Taper relief was effective because it incentivised the directors and shareholders of risky entrepreneurial businesses with a capital gains tax (CGT) rate that was effectively 10 per cent when assets were held for more than two years.
So why was it scrapped? It’s hard to recall now, but the boom years of 2006 and the first part of 2007 saw an unprecedented public outcry against the private equity industry. With an opprobrium now reserved solely for bankers, buy-out firms were characterised as stripping and flipping companies for maximum profits, cutting jobs and carving up businesses, while often paying less tax than the cleaners in their gleaming Mayfair offices.
It was a simplified and rather outdated picture that perhaps owed more to Michael Douglas’s performance in Wall Street than the reality of the 2006/7 boom, which was more to do with cheap credit than asset stripping. Nevertheless, the row was fuelled by the refusal of private equity chiefs to talk publicly about what they did, until it got to the stage where the government had to do something.

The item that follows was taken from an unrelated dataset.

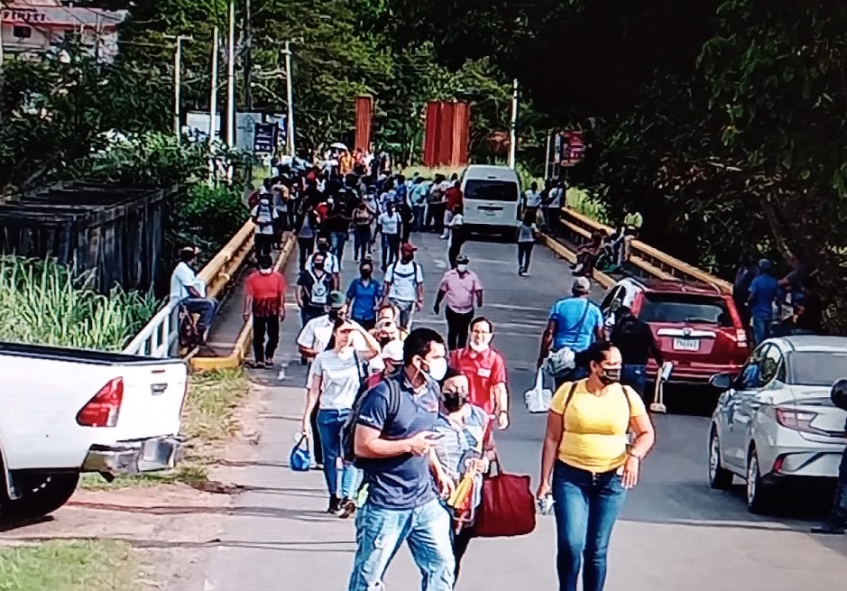 El tranque de la vía este jueves obligó a cientos de personas a caminar. Foto: Eric A. Montenegro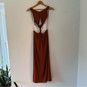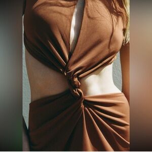 ZARA Backless Twist Cutout Brown Midi Dress

Why that something took the form of a new flat rate of CGT at 18 per cent, it is hard to understand. The pain was felt not by private equity behemoths, but by fragile early-stage companies and their investors. And the limited concession of “entrepreneur’s relief”, though it has probably helped retiring pub owners, has done little to fuel serial entrepreneurship because of the lifetime threshold of £1 million.
Fatally, the Treasury failed to distinguish between those backing the stock market or buy-to-let property, and those whose money, time and skills are going into innovative, early-stage companies. In other words, those who are truly ‘flipping’ assets have benefitted from a CGT ceiling of 18 per cent, while shareholders in entrepreneurial ventures have seen tax almost double on any gains they might make.
Whether the Treasury succeeded in what was evidently its main goal, assuaging public anger at private equity firms, is hard to gauge. Bankers soon replaced buy-out chiefs as public enemy number one. But Alistair Darling certainly made no friends among Britain’s entrepreneurs. There was an added irony, as it was his boss Gordon Brown who introduced taper relief in the first place.
It is widely expected that the Chancellor will use his Pre-Budget Report next week to announce a rise in CGT, which it is argued is still relatively low compared to equivalent taxes in other EU countries. Since he is raising the top rate of income tax to 50p in the pound, he would otherwise be opening up an abyss between tax on income and investment gains.
The pressures on the public purse are obvious, but let us not forget that those risking their shirts in high-risk, high-growth businesses have already seen their effective CGT rate rise from 10 to 18 per cent in two years. If they do manage to sell those businesses successfully, many will look for other investment opportunities in similar early-stage ventures. A tax system that treats them like property or stock market investors will encourage them to become just that.